• [Work request]: An exact copy of all records is expected, minus the images.
----- Available data -----
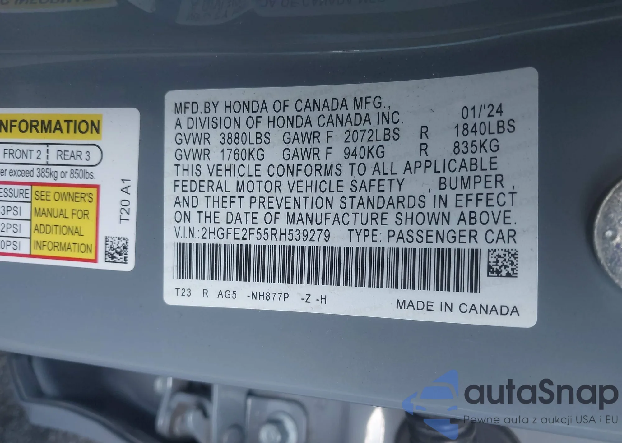 LOT: 42949594 VIN: 2HGFE2F55RH539279
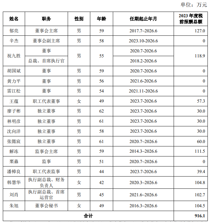据了解,万科高管的薪酬体系由固定薪酬、年度奖金和经济利润奖金三部分组成。2023年,高管的税前报酬仅包括固定薪酬和公司为其缴纳的社保、公积金。例如,郁亮2023年的税前报酬为127万元,其中包括115万元的固定薪酬和12万元的社保、公积金。
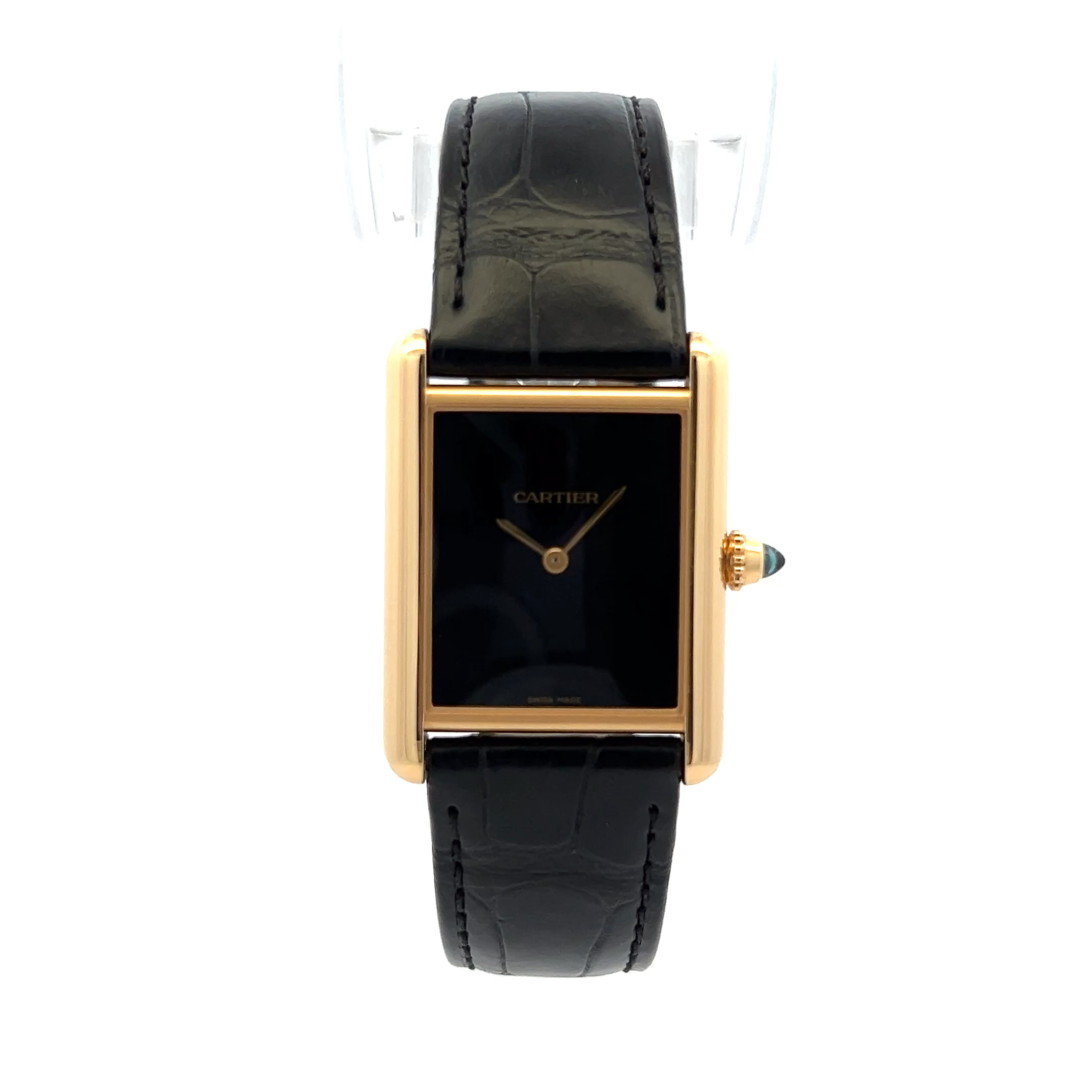 This Cartier Tank Louis Cartier WGTA0091 has a black dial and a leather strap. This Cartier has undergone a thorough inspection of accuracy, functionality and condition at our Cartier certified service centre to determine the level of reconditioning required to meet our strict standards. It has also been checked against our records to ensure authenticity. Our watches have a 24-month warranty for your peace of mind, in conjunction with any remaining manufacturer’s warranty from new or from service.
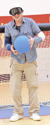 劉德華戴上不透視的眼鏡體驗盲人女子門球。圖片均來自香港《明報》。
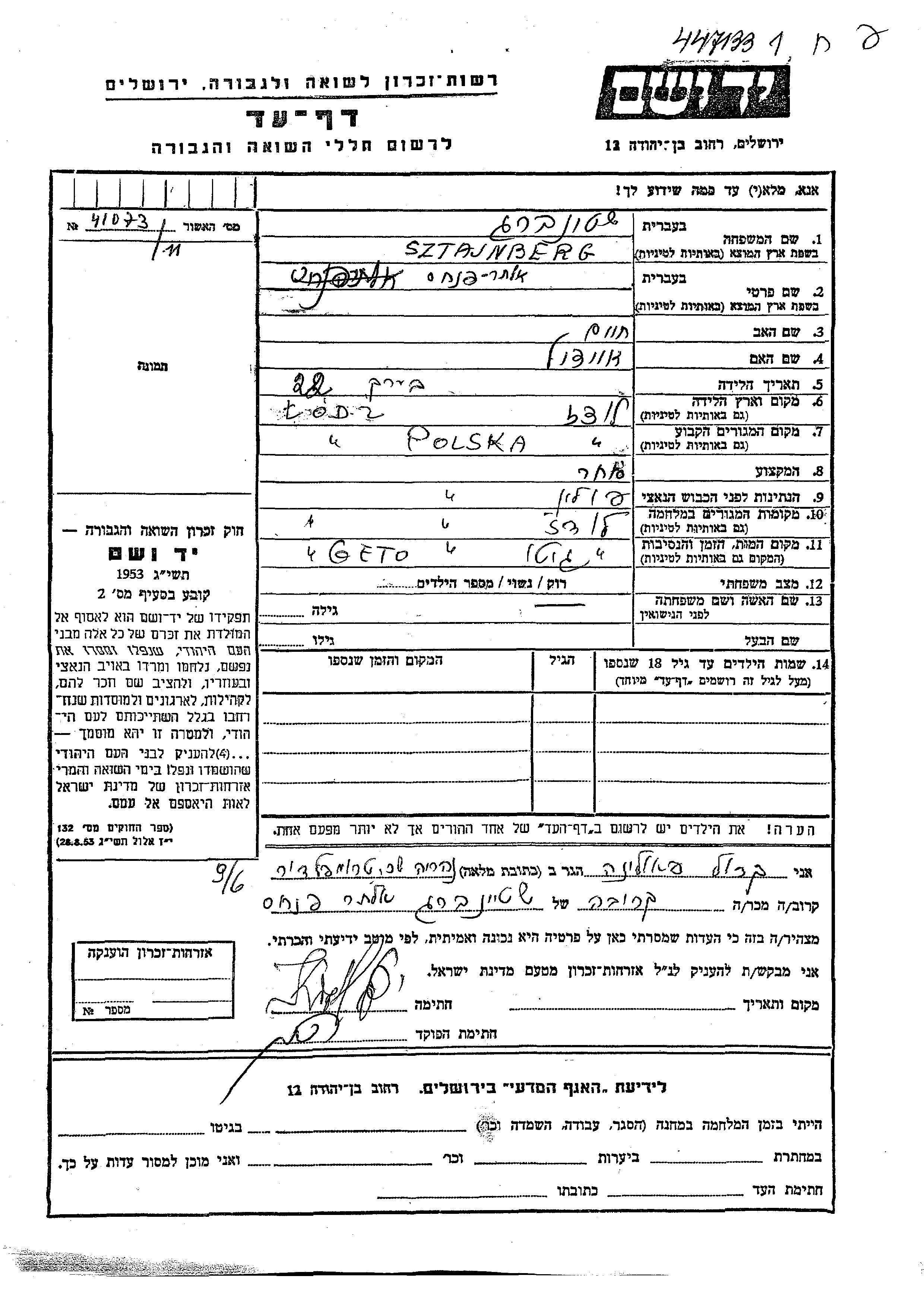 Yad Vashem - Pages of Testimony Names Memorial Collection
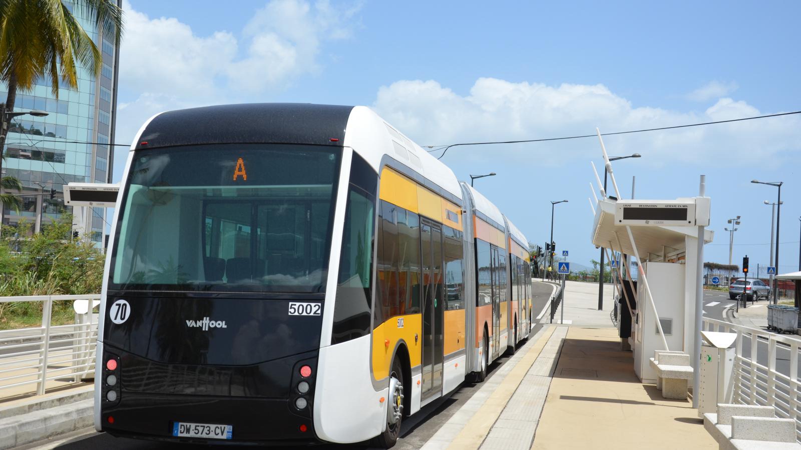 Photo: Arrière du Van Hool ExquiCity 24 n°5002 sur la ligne A du TCSP de Martinique durant la marche à blanc, au terminus de Fort-de-France Almadies par Florian Fèvre. This file is licensed under the Creative Commons Attribution-Share Alike 4.0 International license.
-----
• [Answer space]:
 LOT: 42949594 VIN: 2HGFE2F55RH539279
据了解,万科高管的薪酬体系由固定薪酬、年度奖金和经济利润奖金三部分组成。2023年,高管的税前报酬仅包括固定薪酬和公司为其缴纳的社保、公积金。例如,郁亮2023年的税前报酬为127万元,其中包括115万元的固定薪酬和12万元的社保、公积金。
 This Cartier Tank Louis Cartier WGTA0091 has a black dial and a leather strap. This Cartier has undergone a thorough inspection of accuracy, functionality and condition at our Cartier certified service centre to determine the level of reconditioning required to meet our strict standards. It has also been checked against our records to ensure authenticity. Our watches have a 24-month warranty for your peace of mind, in conjunction with any remaining manufacturer’s warranty from new or from service.
 劉德華戴上不透視的眼鏡體驗盲人女子門球。圖片均來自香港《明報》。
 Yad Vashem - Pages of Testimony Names Memorial Collection
 Photo: Arrière du Van Hool ExquiCity 24 n°5002 sur la ligne A du TCSP de Martinique durant la marche à blanc, au terminus de Fort-de-France Almadies par Florian Fèvre. This file is licensed under the Creative Commons Attribution-Share Alike 4.0 International license.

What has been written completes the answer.